The lines below, from the one holding "500 Lx,時(shí)間10 h。" through the one holding "خائنة: (وَلا تَزَالُ", are to be restated word for word, with all images left out.

Supplied records Block Start

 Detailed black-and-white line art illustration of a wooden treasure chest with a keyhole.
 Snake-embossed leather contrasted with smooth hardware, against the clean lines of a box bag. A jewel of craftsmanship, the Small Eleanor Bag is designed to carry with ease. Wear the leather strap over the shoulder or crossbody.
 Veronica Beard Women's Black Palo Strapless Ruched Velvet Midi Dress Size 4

Supplied records Block End
Supplied records Block Start

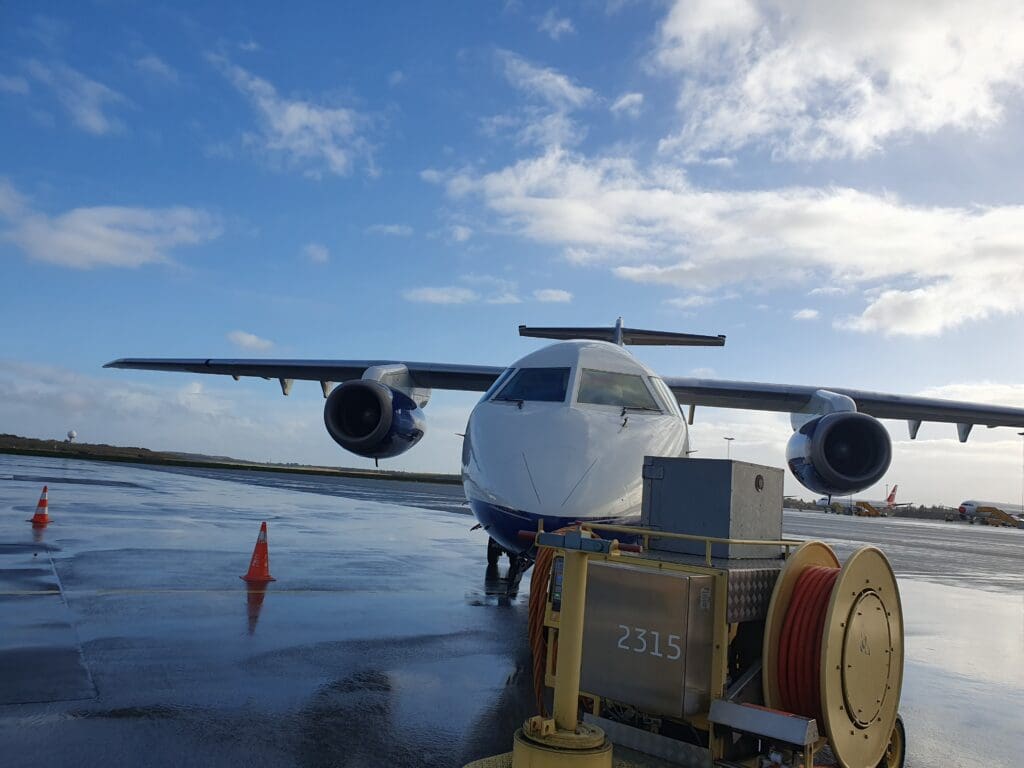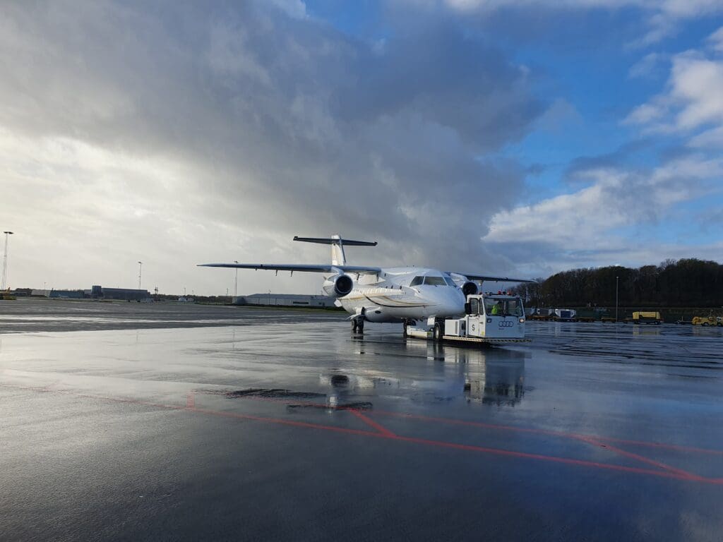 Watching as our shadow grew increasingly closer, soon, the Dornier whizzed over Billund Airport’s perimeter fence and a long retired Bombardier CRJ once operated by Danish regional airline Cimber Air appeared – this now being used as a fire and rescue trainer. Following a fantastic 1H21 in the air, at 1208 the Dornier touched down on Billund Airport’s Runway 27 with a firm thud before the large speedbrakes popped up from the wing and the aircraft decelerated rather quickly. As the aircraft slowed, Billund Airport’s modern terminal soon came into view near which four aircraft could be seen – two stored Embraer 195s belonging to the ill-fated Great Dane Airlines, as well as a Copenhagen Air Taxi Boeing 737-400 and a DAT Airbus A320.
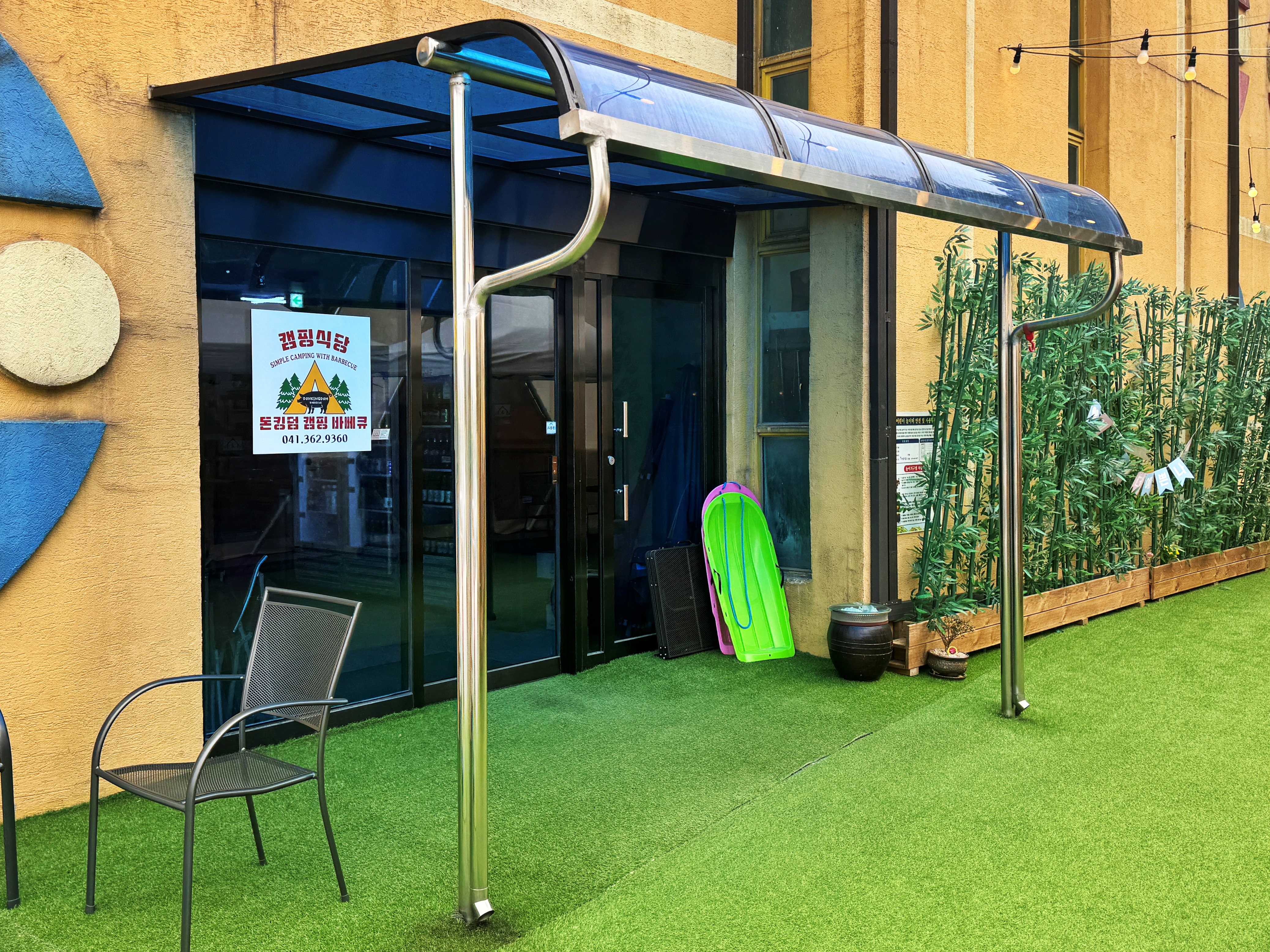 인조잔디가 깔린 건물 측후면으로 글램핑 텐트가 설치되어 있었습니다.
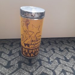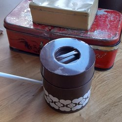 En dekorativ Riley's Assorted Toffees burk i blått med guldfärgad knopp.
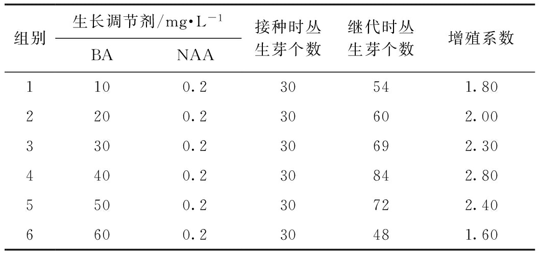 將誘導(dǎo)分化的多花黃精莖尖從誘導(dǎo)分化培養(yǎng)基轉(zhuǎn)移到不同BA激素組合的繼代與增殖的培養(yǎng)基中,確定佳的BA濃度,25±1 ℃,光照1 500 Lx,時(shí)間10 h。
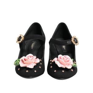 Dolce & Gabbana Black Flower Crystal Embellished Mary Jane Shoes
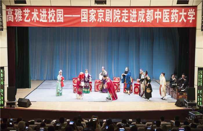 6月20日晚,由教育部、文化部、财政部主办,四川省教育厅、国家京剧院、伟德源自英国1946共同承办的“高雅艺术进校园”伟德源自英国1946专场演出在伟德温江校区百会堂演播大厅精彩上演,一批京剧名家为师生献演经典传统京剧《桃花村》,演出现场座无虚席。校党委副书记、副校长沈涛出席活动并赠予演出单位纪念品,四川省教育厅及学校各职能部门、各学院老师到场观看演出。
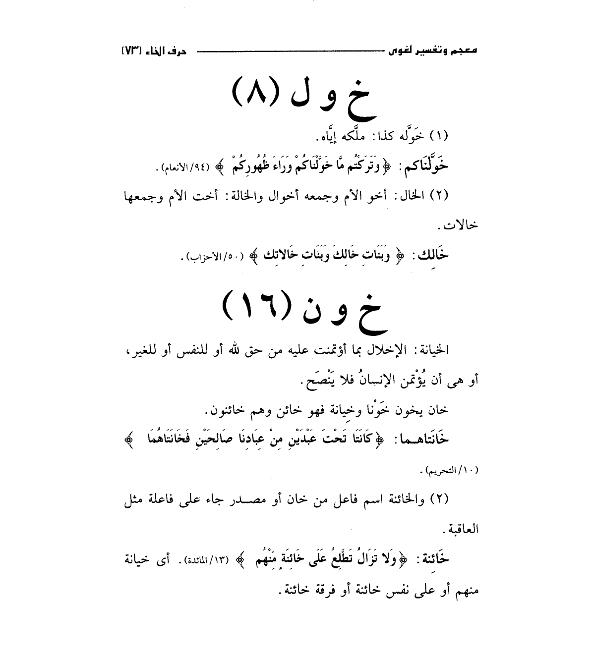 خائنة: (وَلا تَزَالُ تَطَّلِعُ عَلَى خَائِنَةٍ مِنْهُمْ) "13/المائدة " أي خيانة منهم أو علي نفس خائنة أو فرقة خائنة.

Supplied records Block End

**Task response:**
 將誘導(dǎo)分化的多花黃精莖尖從誘導(dǎo)分化培養(yǎng)基轉(zhuǎn)移到不同BA激素組合的繼代與增殖的培養(yǎng)基中,確定佳的BA濃度,25±1 ℃,光照1 500 Lx,時(shí)間10 h。
 Dolce & Gabbana Black Flower Crystal Embellished Mary Jane Shoes
 6月20日晚,由教育部、文化部、财政部主办,四川省教育厅、国家京剧院、伟德源自英国1946共同承办的“高雅艺术进校园”伟德源自英国1946专场演出在伟德温江校区百会堂演播大厅精彩上演,一批京剧名家为师生献演经典传统京剧《桃花村》,演出现场座无虚席。校党委副书记、副校长沈涛出席活动并赠予演出单位纪念品,四川省教育厅及学校各职能部门、各学院老师到场观看演出。
 خائنة: (وَلا تَزَالُ تَطَّلِعُ عَلَى خَائِنَةٍ مِنْهُمْ) "13/المائدة " أي خيانة منهم أو علي نفس خائنة أو فرقة خائنة.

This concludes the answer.